Dear Writer by Maggie Smith

 
 

Maggie Smith’s Substack intro says, “Not the dame, the other one. NYT bestselling author of poetry & prose. Teacher & editor.” In 2017, when Meryl Streep said she was going to read a poem by Maggie Smith and heard the audience reaction, she said, “Not that one, the American.” You may have heard her poem, “Good Bones” (below), which went viral.

I read Maggie Smith’s memoir, You Could Make This Place Beautiful, lately, and loved it. I kept seeing references to this book subtitled “Pep Talks & Practical Advice for the Creative Life,” and decided to check it out. I love it, too! Not a writer or aspiring to be one? In the introduction, Smith says, “I’ve found that anything that applies to writing also applies to life.” (Page xvi) I found much that applies to life, and I really appreciated all her “pep talks and practical advice” for writers. I don’t go around saying I’m a writer, and don’t feel qualified to do so, but I like to write and I like to learn about writing.

One piece of advice Smith quotes is from Rae Armantrout, and it definitely applies to life as well as writers, “My best advice is the advice they give kids at a crosswalk: stop, look, and listen.” (page 3) It reminds me of what Mary Oliver said in her poem, “Instructions for Life”:

Instructions for living a life:

Pay attention.

Be astonished.

Tell about it.

The book is a course on writing. I know not everyone would be at all interested in that, but I love learning about the different elements of writing, the lists of things such as the types of imagery (visual, auditory, gustatory—ever heard of that one? I had not. It describes what you can taste—and others); and the various kinds of poetic writing (such as alliteration, consonance, and assonance); types of stanzas (such as couplet, tercet, quatrain). Every endeavor has its “jargon” and technical terms. I remember being surprised by all the jargon used in the office furniture business where I spent the main part of my career (I was in IT, so I only learned a small bit by osmosis.) I like learning some of the technical terms in writing. I like recognizing them when I come across them, or becoming more familiar with them when others discuss them. Even though it’s a book where you learn—including lists of references, examples, and sometimes suggestions of exercises to try at the end of each section—it does not read like a textbook. Smith is personable and engaging. She tells anecdotes and includes several of her own poems to demonstrate the terms.

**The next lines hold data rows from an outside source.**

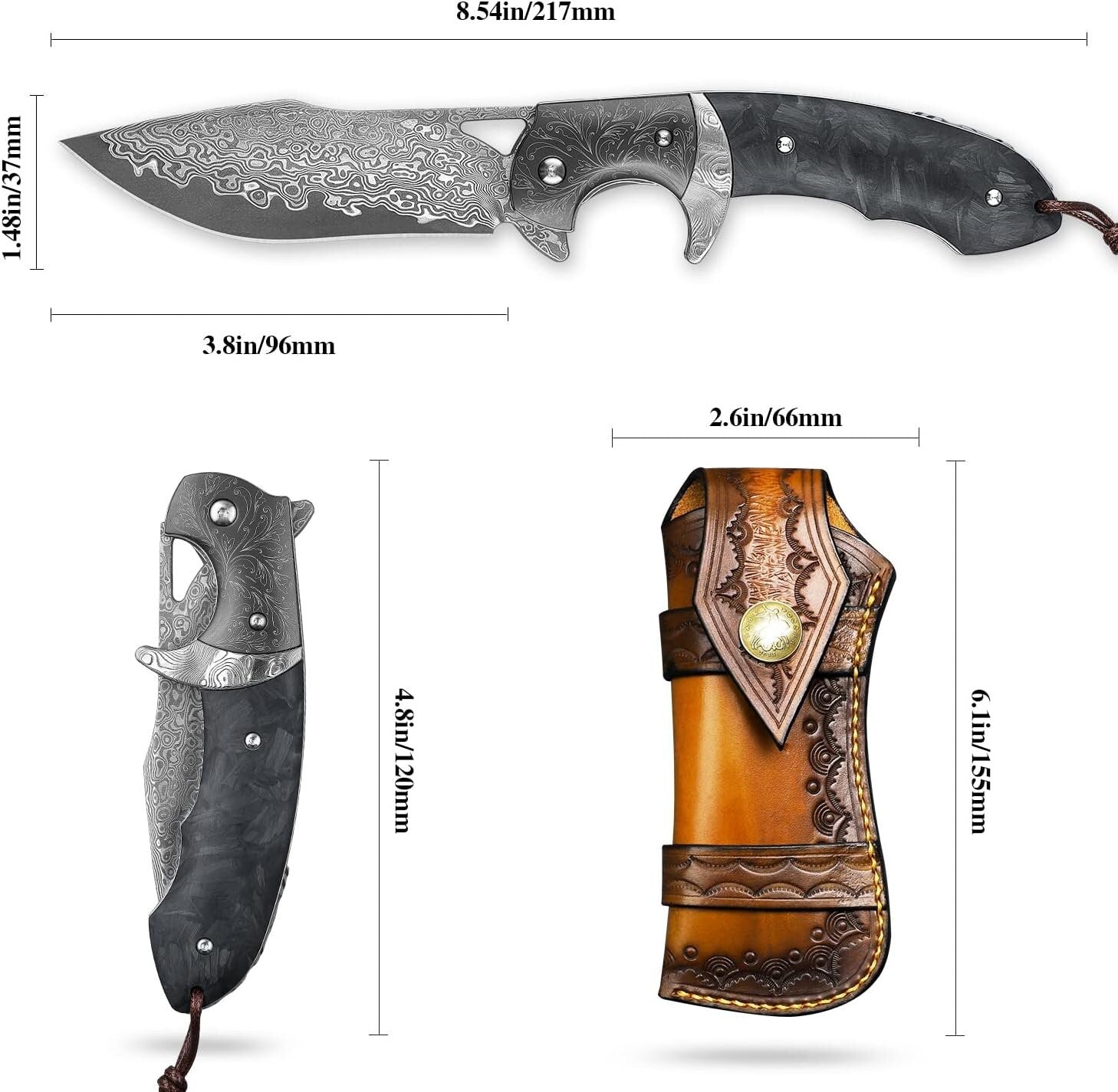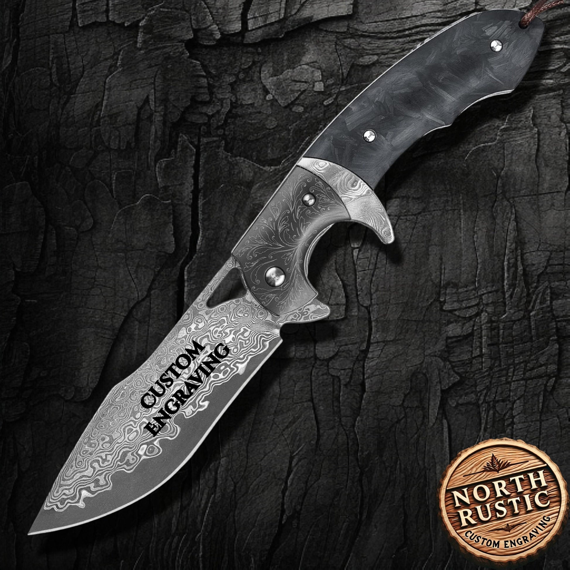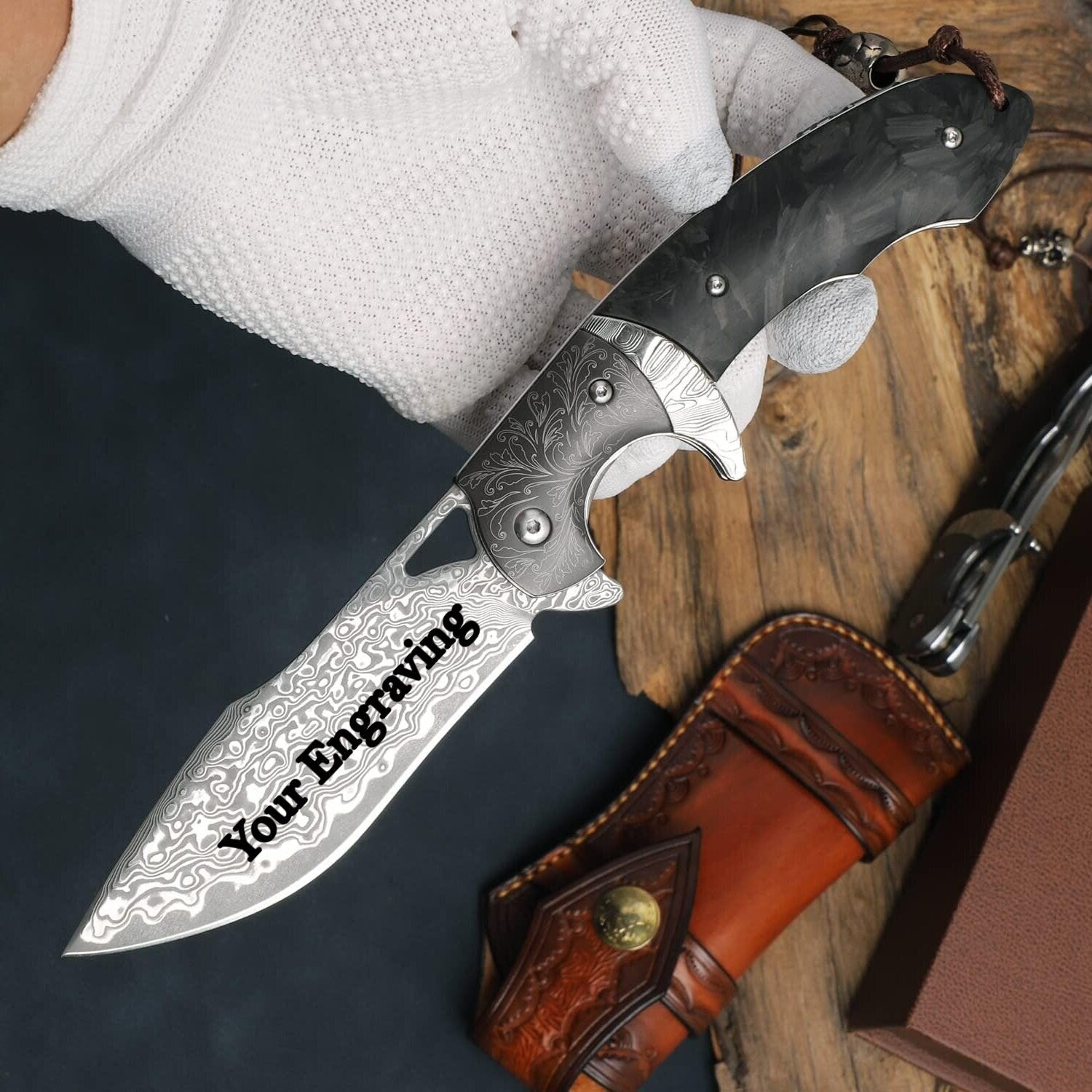 Engraved VG10 Damascus Folding Knife | Personalized Pocket Knife | Carbon Fiber Handle Knife | Wedding Husband Anniversary Father Gift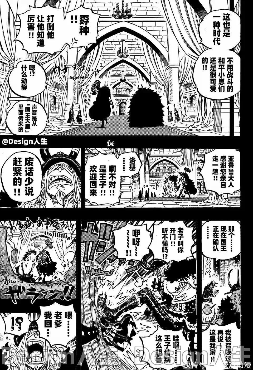 他们即将进入大殿里,就被一个士兵挡住,洛基王子一脚踢飞他,大门瞬间被踢开。等洛基王子看清楚里面发生的事情,他们都震惊了,十几个士兵刺穿了国王的身体,国王变成十分巨大,看起来是被恶魔化了。红发香克斯和贾巴在一起泡温泉,他们聊到了小丑巴基,本来他想和小丑巴基一起组建海贼团的,结果被拒绝了。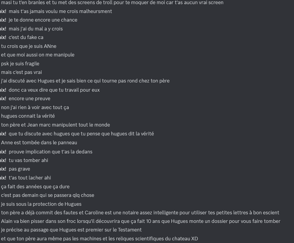 Il se passe quelques trucs étranges en ce moment, notamment des histoires liées à un château et des tensions avec Hugues. Ça pourrait être bien d'en discuter plus en détail quand on se voit

Each section has chapters around a virtue or characteristic needed by a writer:

- Attention
- Wonder
- Vision
- Surprise
- Play
- Vulnerability
- Restlessness
- Connection
- Tenacity
- Hope

As I have been reading more poetry, I realized that noticing the title is super important. I tended to skim and ignore the titles, but often the title is like a first line, or a description of what the writer is saying, or information that gives you a perspective on what you will be reading. An example (one of Maggie Smith’s poems, page 60):

At the End of My Marriage, I Think of Something
My Daughter Said About Trees

When a tree is cut down, the sky’s like
finally, and rushes in.

Even when you trim a tree,
the sky fills in before the branch

hits the ground. It colors the space blue
because now it can.

Don’t you love it?

Smith talks a lot about line breaks, and the way endings might rhyme, or not rhyme, break mid-sentence, free verse versus fitting within a poetic form—or sometimes sort of fitting but not quite. She talks about using white space, too, which made me remember working on the creation of a website with a Google employee who rhapsodically waxed on about white space. Here’s an example Smith used to write about her line ending choices. (This is one of my favorites.)

Bride

How long have I been wed
to myself? Calling myself

darling, dressing for my own
pleasure, each morning

choosing perfume to turn
me on. How long have I been

alone in this house but not
alone? Married less

to the man than to the woman
silvering with the mirror.

I know the kind of wife
I need and I become her:

the one who will leave
this earth at the same instant

I do. I am my own bride,
lifting the veil to see

my face. Darling, I say,
I have waited for you all my life.

The book is great. My ambitious goal is to purchase it (I checked it out from the library) and try to do the exercises and look up the references. I think I would love it and learn a lot. Now I need to self-discipline to actually do it. Even if you don’t read this book, I hope you’ll remember the name—the American one—Maggie Smith, and read her poetry when you come across it.

Here’s the viral one.

Good Bones

Life is short, though I keep this from my children.
Life is short, and I’ve shortened mine
in a thousand delicious, ill-advised ways,
a thousand deliciously ill-advised ways
I’ll keep from my children. The world is at least
fifty percent terrible, and that’s a conservative
estimate, though I keep this from my children.
For every bird there is a stone thrown at a bird.
For every loved child, a child broken, bagged,
sunk in a lake. Life is short and the world
is at least half terrible, and for every kind
stranger, there is one who would break you,
though I keep this from my children. I am trying
to sell them the world. Any decent realtor,
walking you through a real shithole, chirps on
about good bones: This place could be beautiful,
right? You could make this place beautiful.